Copy, please, the line with "85歲的村民周秀芹走進位于石屏縣異龍鎮(zhèn)符家營村140號的家中(8月8日攝)。新華社記者 江文耀 攝" and each line that follows it through the end of the data below, exactly as given and without pictures.

======== Information supplied

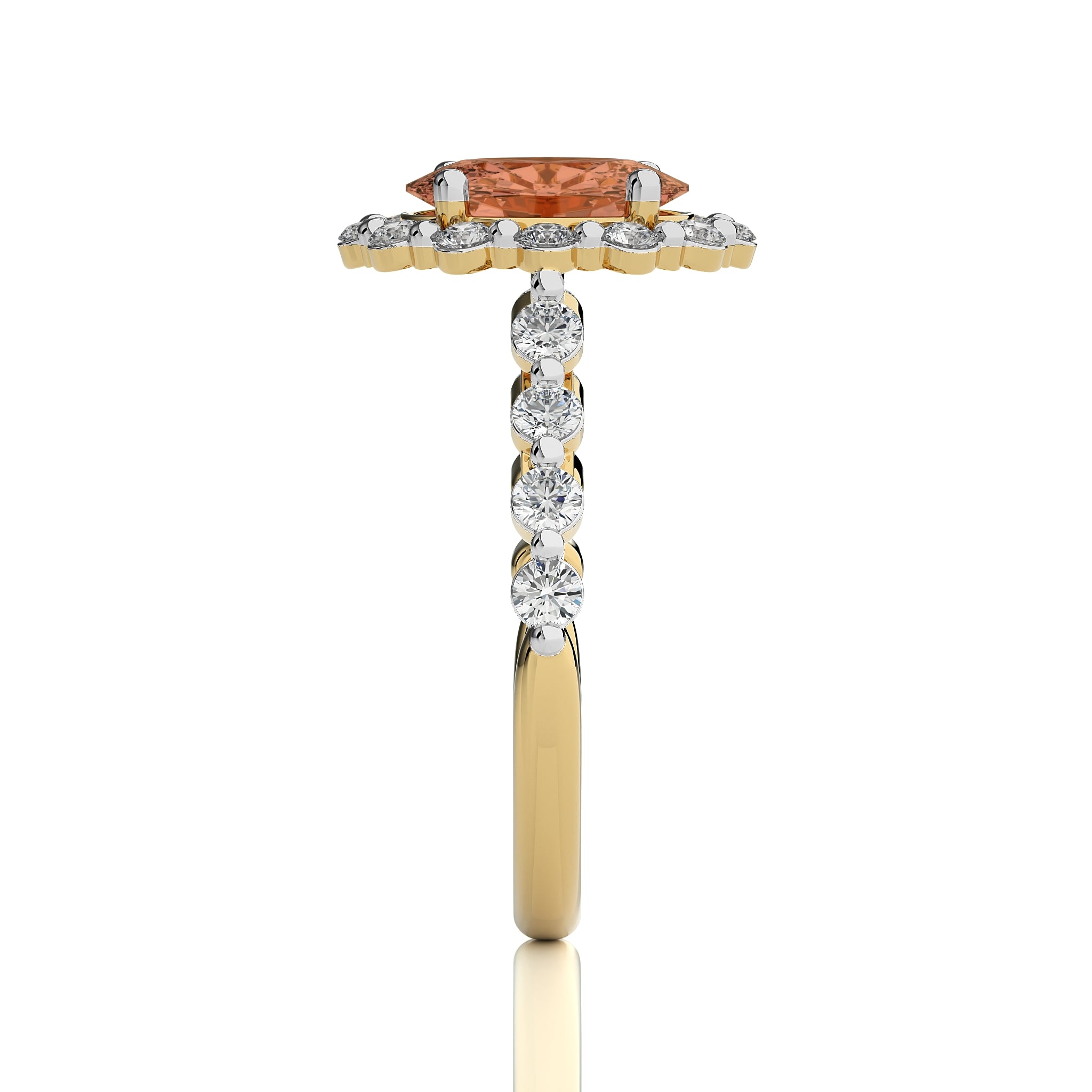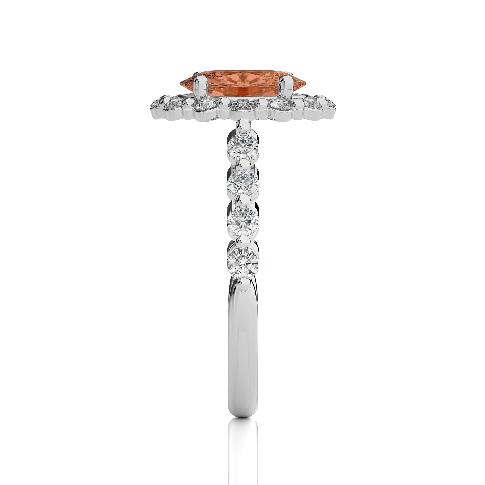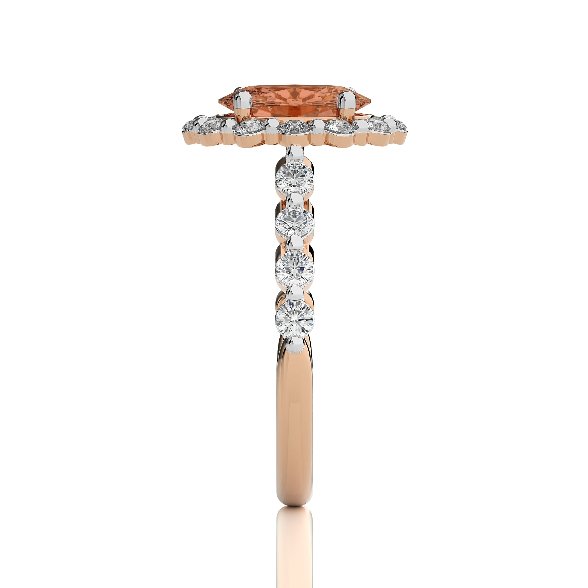 Ethereal Blossom Oval Morganite and Fancy shape Natural Diamond Engagement Ring.
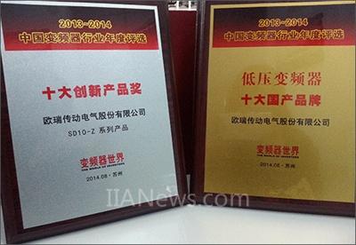 同期,因欧瑞传动产品的创新技术及市场的良好反馈,SD10-Z系列注塑机专用伺服系统获得了“行业十大创新产品奖”。
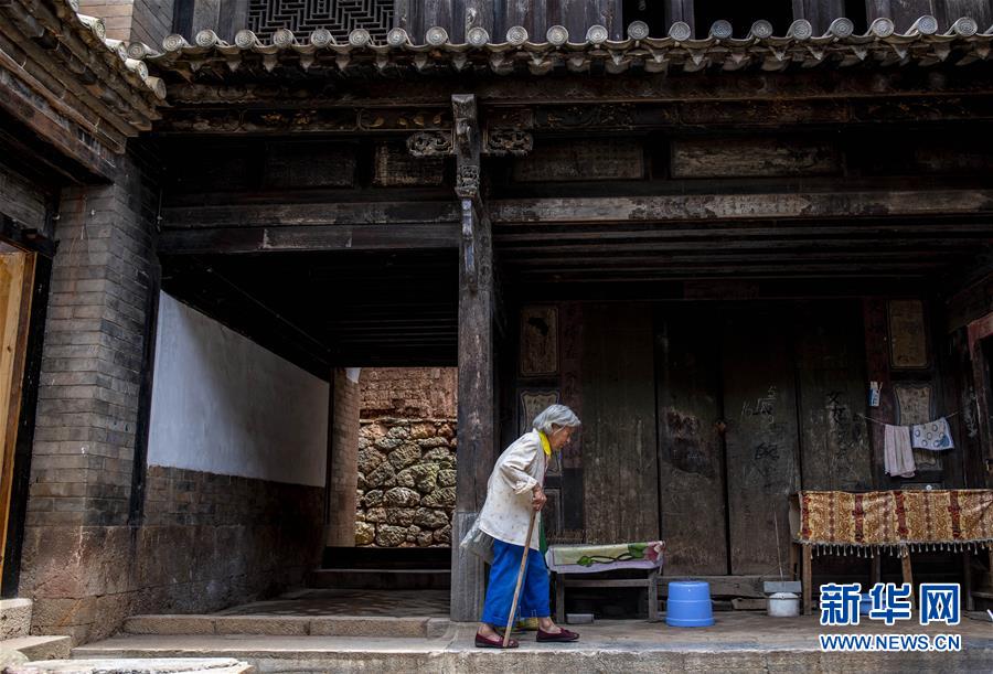 85歲的村民周秀芹走進位于石屏縣異龍鎮(zhèn)符家營村140號的家中(8月8日攝)。新華社記者 江文耀 攝
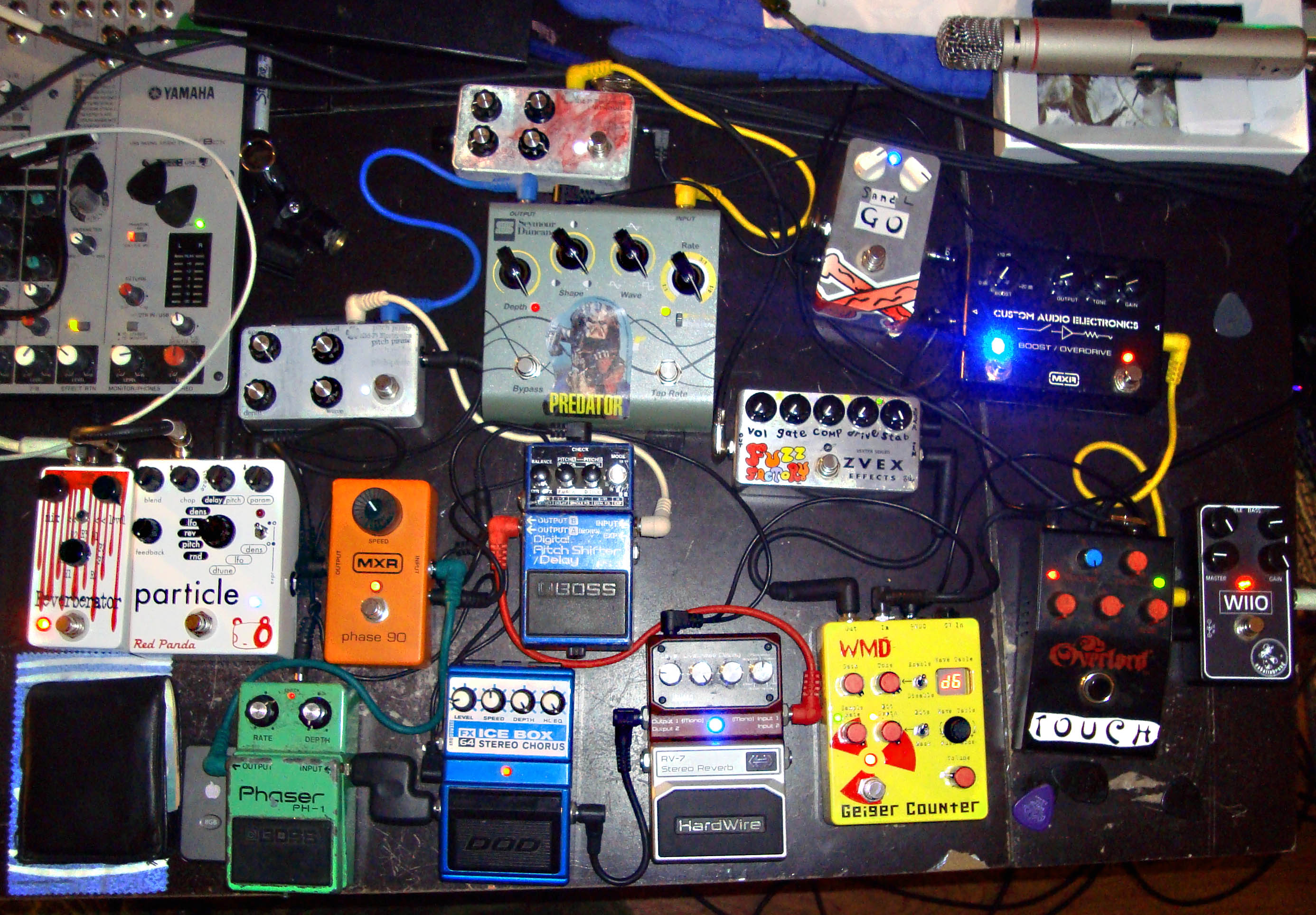 Devi Ever Ruby>Green Russian Big Muff>Devi Ever Soda Meiser>Devi Ever US>Fuzzhugger FX AB-Synth (5K with top-mounted jacks and a Laura Bennett paint job)>Freakshow FX HiRay>Biyang Baby Boom Tri-Reverb>Boss CH-1

================

▸ **Solution for this exercise**:
 85歲的村民周秀芹走進位于石屏縣異龍鎮(zhèn)符家營村140號的家中(8月8日攝)。新華社記者 江文耀 攝
 Devi Ever Ruby>Green Russian Big Muff>Devi Ever Soda Meiser>Devi Ever US>Fuzzhugger FX AB-Synth (5K with top-mounted jacks and a Laura Bennett paint job)>Freakshow FX HiRay>Biyang Baby Boom Tri-Reverb>Boss CH-1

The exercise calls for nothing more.